• SUPPLIED RECORDS
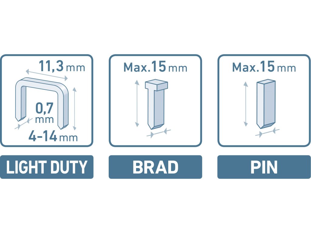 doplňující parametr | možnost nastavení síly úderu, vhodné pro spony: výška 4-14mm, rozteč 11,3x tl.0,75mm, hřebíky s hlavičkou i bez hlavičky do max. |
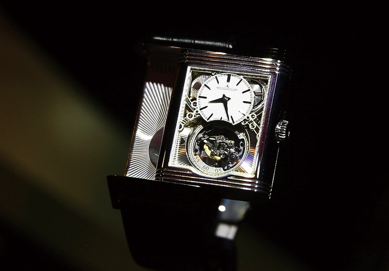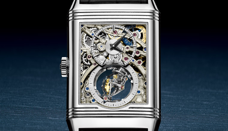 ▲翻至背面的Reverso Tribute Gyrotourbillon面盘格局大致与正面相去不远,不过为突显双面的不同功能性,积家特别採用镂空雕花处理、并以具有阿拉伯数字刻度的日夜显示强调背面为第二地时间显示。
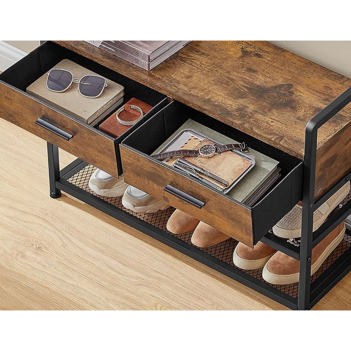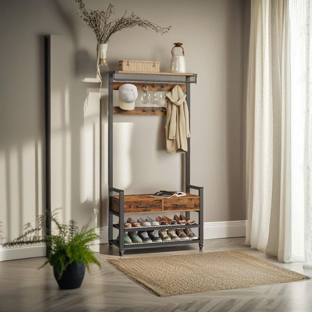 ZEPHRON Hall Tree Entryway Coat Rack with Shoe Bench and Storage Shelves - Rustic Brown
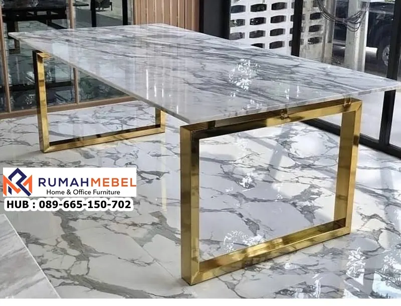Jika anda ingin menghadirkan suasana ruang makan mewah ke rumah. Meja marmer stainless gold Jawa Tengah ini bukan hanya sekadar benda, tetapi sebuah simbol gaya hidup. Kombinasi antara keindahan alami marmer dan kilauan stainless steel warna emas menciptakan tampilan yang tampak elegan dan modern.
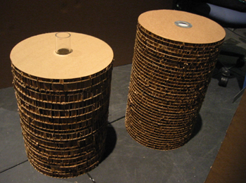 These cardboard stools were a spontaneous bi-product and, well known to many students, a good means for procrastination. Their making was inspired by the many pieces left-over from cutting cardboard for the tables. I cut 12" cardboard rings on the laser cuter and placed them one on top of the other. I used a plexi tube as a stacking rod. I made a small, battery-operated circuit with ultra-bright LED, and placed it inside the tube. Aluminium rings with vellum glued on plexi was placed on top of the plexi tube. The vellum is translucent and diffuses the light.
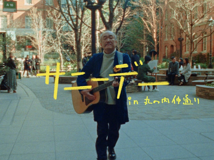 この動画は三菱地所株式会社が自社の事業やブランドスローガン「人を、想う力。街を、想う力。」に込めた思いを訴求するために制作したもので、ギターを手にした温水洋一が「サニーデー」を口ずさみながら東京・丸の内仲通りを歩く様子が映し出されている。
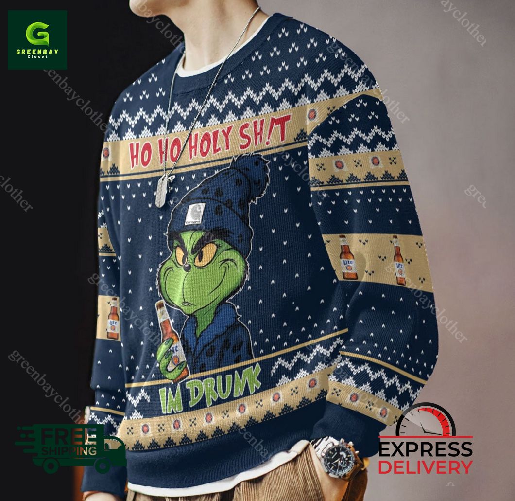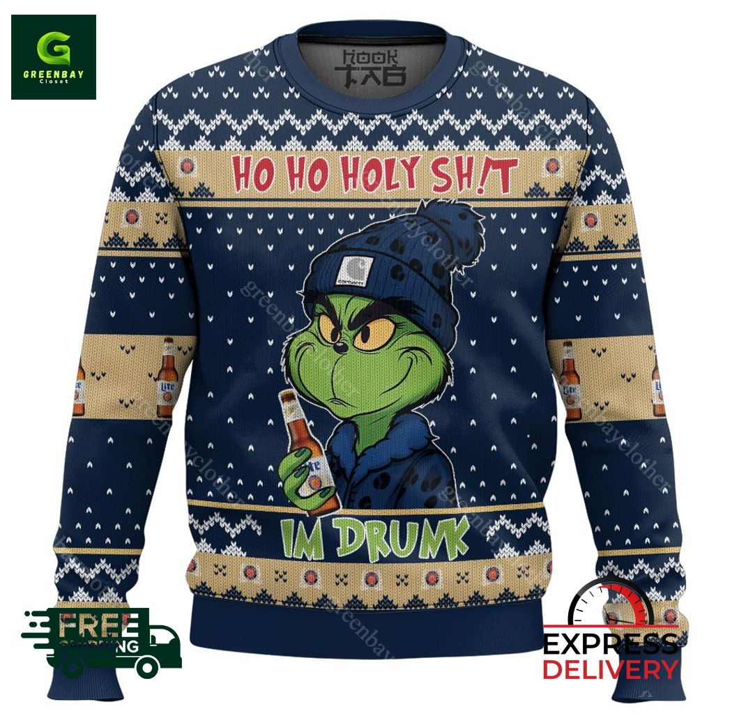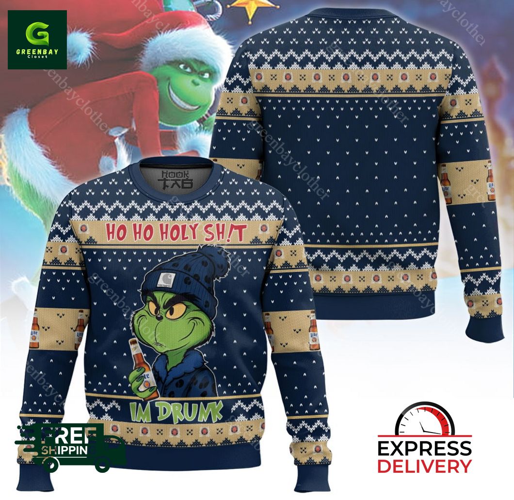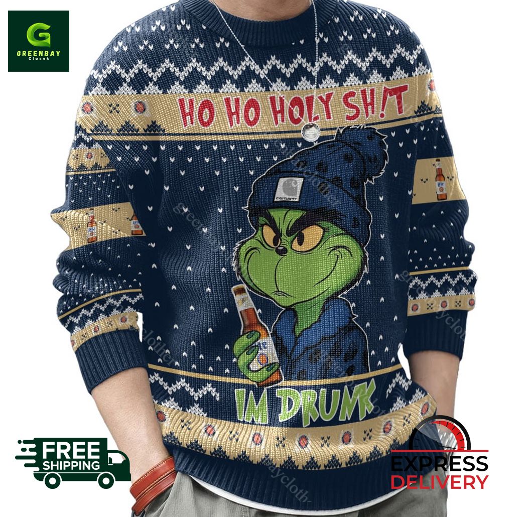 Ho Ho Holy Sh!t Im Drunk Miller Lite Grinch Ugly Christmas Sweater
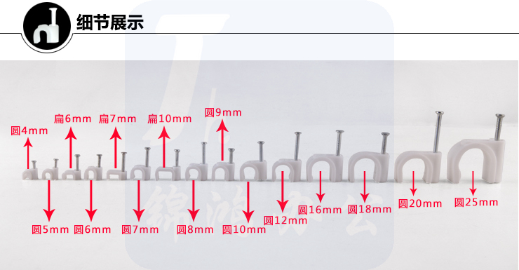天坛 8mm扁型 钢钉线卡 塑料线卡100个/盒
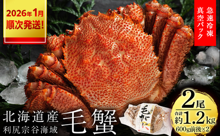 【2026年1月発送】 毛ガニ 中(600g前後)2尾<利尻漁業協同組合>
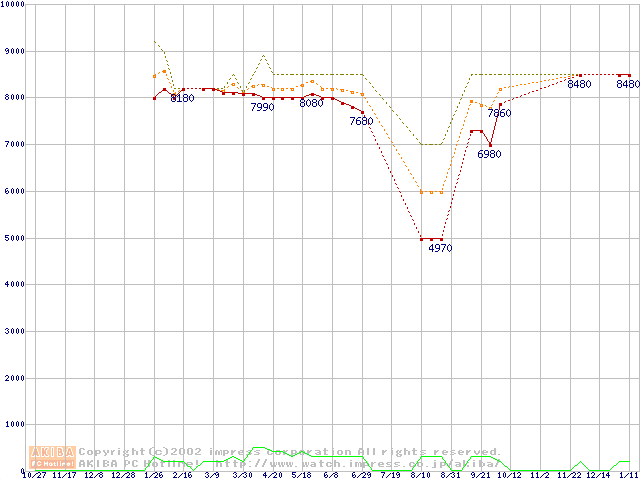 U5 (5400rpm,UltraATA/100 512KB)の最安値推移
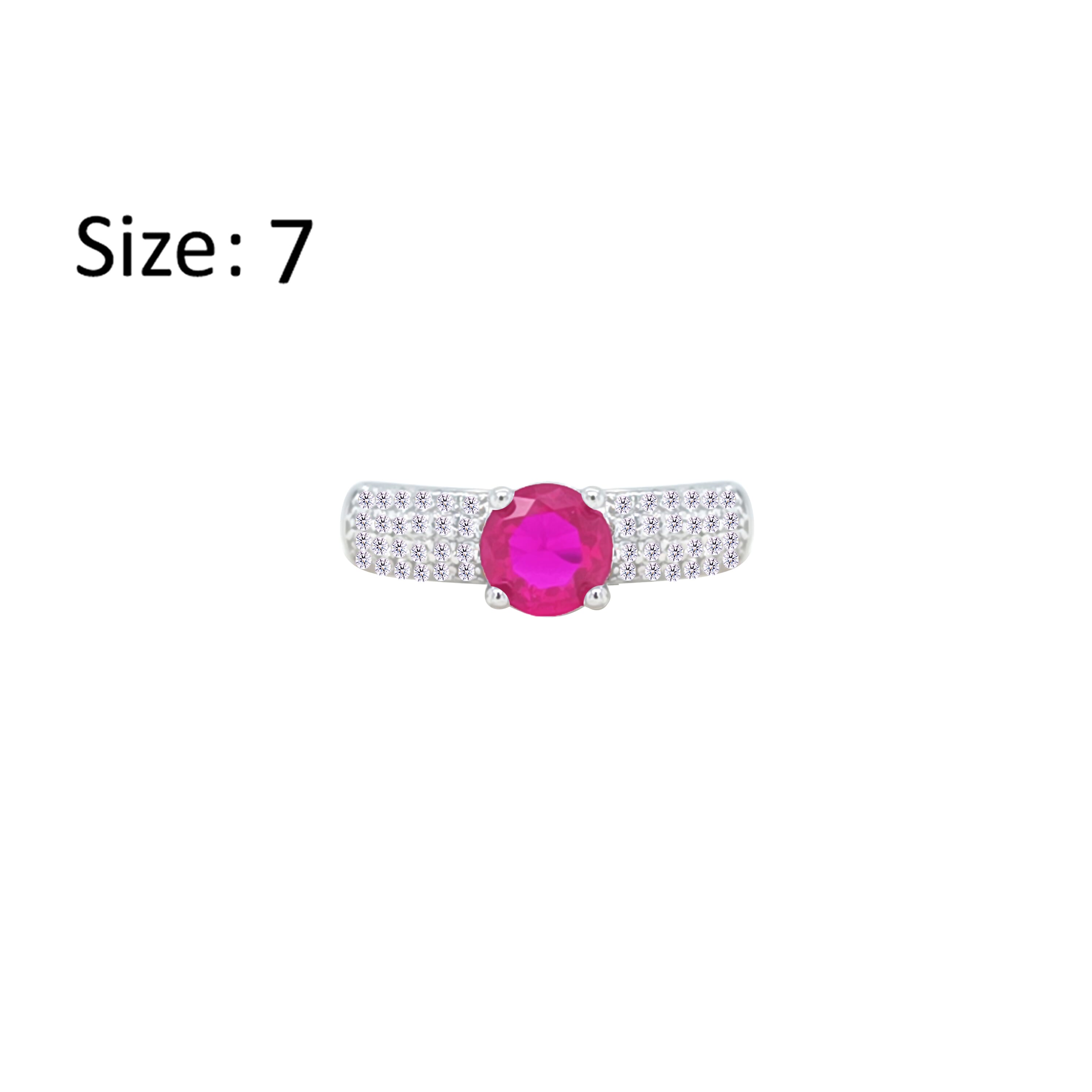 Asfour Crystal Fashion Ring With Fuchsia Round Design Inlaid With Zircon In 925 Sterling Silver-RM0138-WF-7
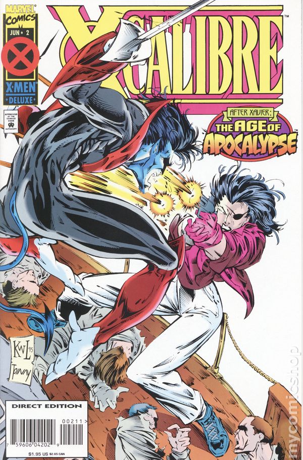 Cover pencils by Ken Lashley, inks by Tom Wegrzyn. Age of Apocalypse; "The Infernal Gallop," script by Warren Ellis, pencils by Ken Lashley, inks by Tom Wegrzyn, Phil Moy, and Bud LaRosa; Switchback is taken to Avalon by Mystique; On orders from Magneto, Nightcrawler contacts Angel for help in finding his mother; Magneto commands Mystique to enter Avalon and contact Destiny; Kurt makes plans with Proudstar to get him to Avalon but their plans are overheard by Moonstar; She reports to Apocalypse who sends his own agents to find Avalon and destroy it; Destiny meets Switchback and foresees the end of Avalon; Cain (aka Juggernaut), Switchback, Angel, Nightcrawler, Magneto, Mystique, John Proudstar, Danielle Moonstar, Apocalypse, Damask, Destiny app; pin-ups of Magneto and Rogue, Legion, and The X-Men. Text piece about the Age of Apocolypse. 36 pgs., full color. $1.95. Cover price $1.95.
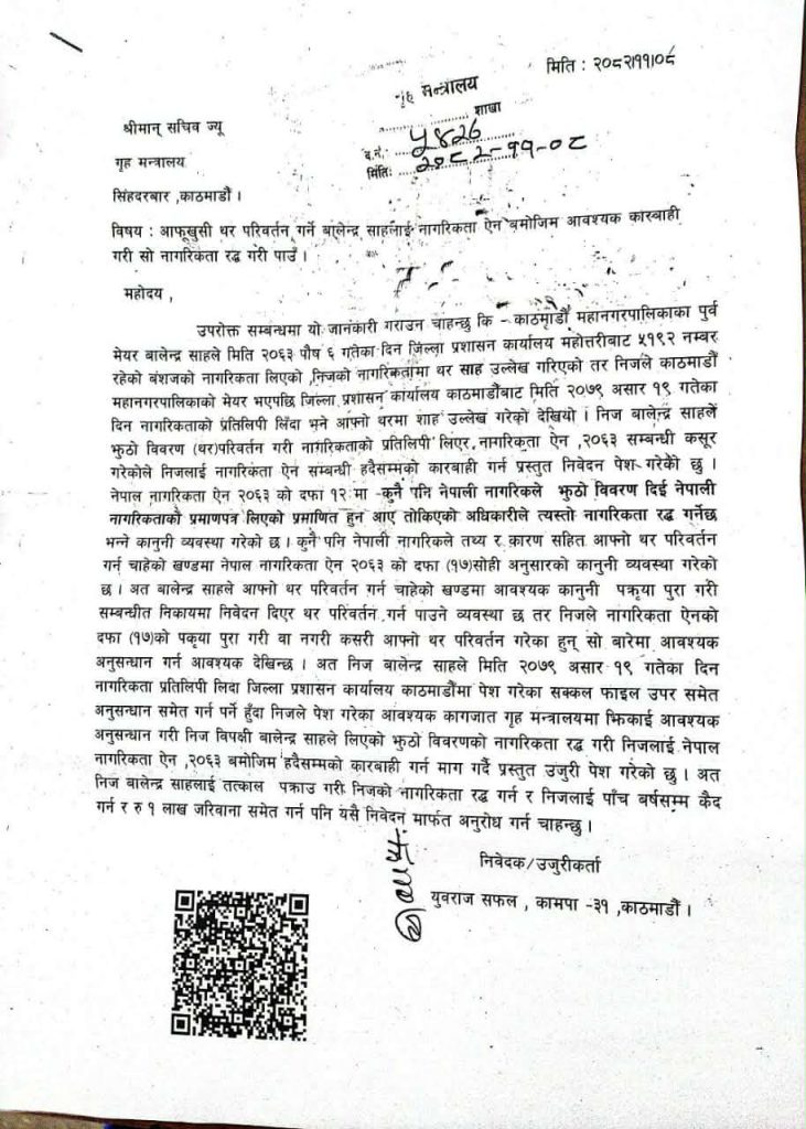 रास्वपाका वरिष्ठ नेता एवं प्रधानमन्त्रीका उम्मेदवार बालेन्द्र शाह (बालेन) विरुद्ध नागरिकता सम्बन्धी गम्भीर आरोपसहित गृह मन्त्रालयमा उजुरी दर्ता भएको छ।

• PROBLEM REQUIREMENTS
Write out all the material above exactly, with no image carried over.

• EXPECTED OUTPUT
 doplňující parametr | možnost nastavení síly úderu, vhodné pro spony: výška 4-14mm, rozteč 11,3x tl.0,75mm, hřebíky s hlavičkou i bez hlavičky do max. |
 ▲翻至背面的Reverso Tribute Gyrotourbillon面盘格局大致与正面相去不远,不过为突显双面的不同功能性,积家特别採用镂空雕花处理、并以具有阿拉伯数字刻度的日夜显示强调背面为第二地时间显示。
 ZEPHRON Hall Tree Entryway Coat Rack with Shoe Bench and Storage Shelves - Rustic Brown
Jika anda ingin menghadirkan suasana ruang makan mewah ke rumah. Meja marmer stainless gold Jawa Tengah ini bukan hanya sekadar benda, tetapi sebuah simbol gaya hidup. Kombinasi antara keindahan alami marmer dan kilauan stainless steel warna emas menciptakan tampilan yang tampak elegan dan modern.
 These cardboard stools were a spontaneous bi-product and, well known to many students, a good means for procrastination. Their making was inspired by the many pieces left-over from cutting cardboard for the tables. I cut 12" cardboard rings on the laser cuter and placed them one on top of the other. I used a plexi tube as a stacking rod. I made a small, battery-operated circuit with ultra-bright LED, and placed it inside the tube. Aluminium rings with vellum glued on plexi was placed on top of the plexi tube. The vellum is translucent and diffuses the light.
 この動画は三菱地所株式会社が自社の事業やブランドスローガン「人を、想う力。街を、想う力。」に込めた思いを訴求するために制作したもので、ギターを手にした温水洋一が「サニーデー」を口ずさみながら東京・丸の内仲通りを歩く様子が映し出されている。
 Ho Ho Holy Sh!t Im Drunk Miller Lite Grinch Ugly Christmas Sweater
天坛 8mm扁型 钢钉线卡 塑料线卡100个/盒
 【2026年1月発送】 毛ガニ 中(600g前後)2尾<利尻漁業協同組合>
 U5 (5400rpm,UltraATA/100 512KB)の最安値推移
 Asfour Crystal Fashion Ring With Fuchsia Round Design Inlaid With Zircon In 925 Sterling Silver-RM0138-WF-7
 Cover pencils by Ken Lashley, inks by Tom Wegrzyn. Age of Apocalypse; "The Infernal Gallop," script by Warren Ellis, pencils by Ken Lashley, inks by Tom Wegrzyn, Phil Moy, and Bud LaRosa; Switchback is taken to Avalon by Mystique; On orders from Magneto, Nightcrawler contacts Angel for help in finding his mother; Magneto commands Mystique to enter Avalon and contact Destiny; Kurt makes plans with Proudstar to get him to Avalon but their plans are overheard by Moonstar; She reports to Apocalypse who sends his own agents to find Avalon and destroy it; Destiny meets Switchback and foresees the end of Avalon; Cain (aka Juggernaut), Switchback, Angel, Nightcrawler, Magneto, Mystique, John Proudstar, Danielle Moonstar, Apocalypse, Damask, Destiny app; pin-ups of Magneto and Rogue, Legion, and The X-Men. Text piece about the Age of Apocolypse. 36 pgs., full color. $1.95. Cover price $1.95.
 रास्वपाका वरिष्ठ नेता एवं प्रधानमन्त्रीका उम्मेदवार बालेन्द्र शाह (बालेन) विरुद्ध नागरिकता सम्बन्धी गम्भीर आरोपसहित गृह मन्त्रालयमा उजुरी दर्ता भएको छ।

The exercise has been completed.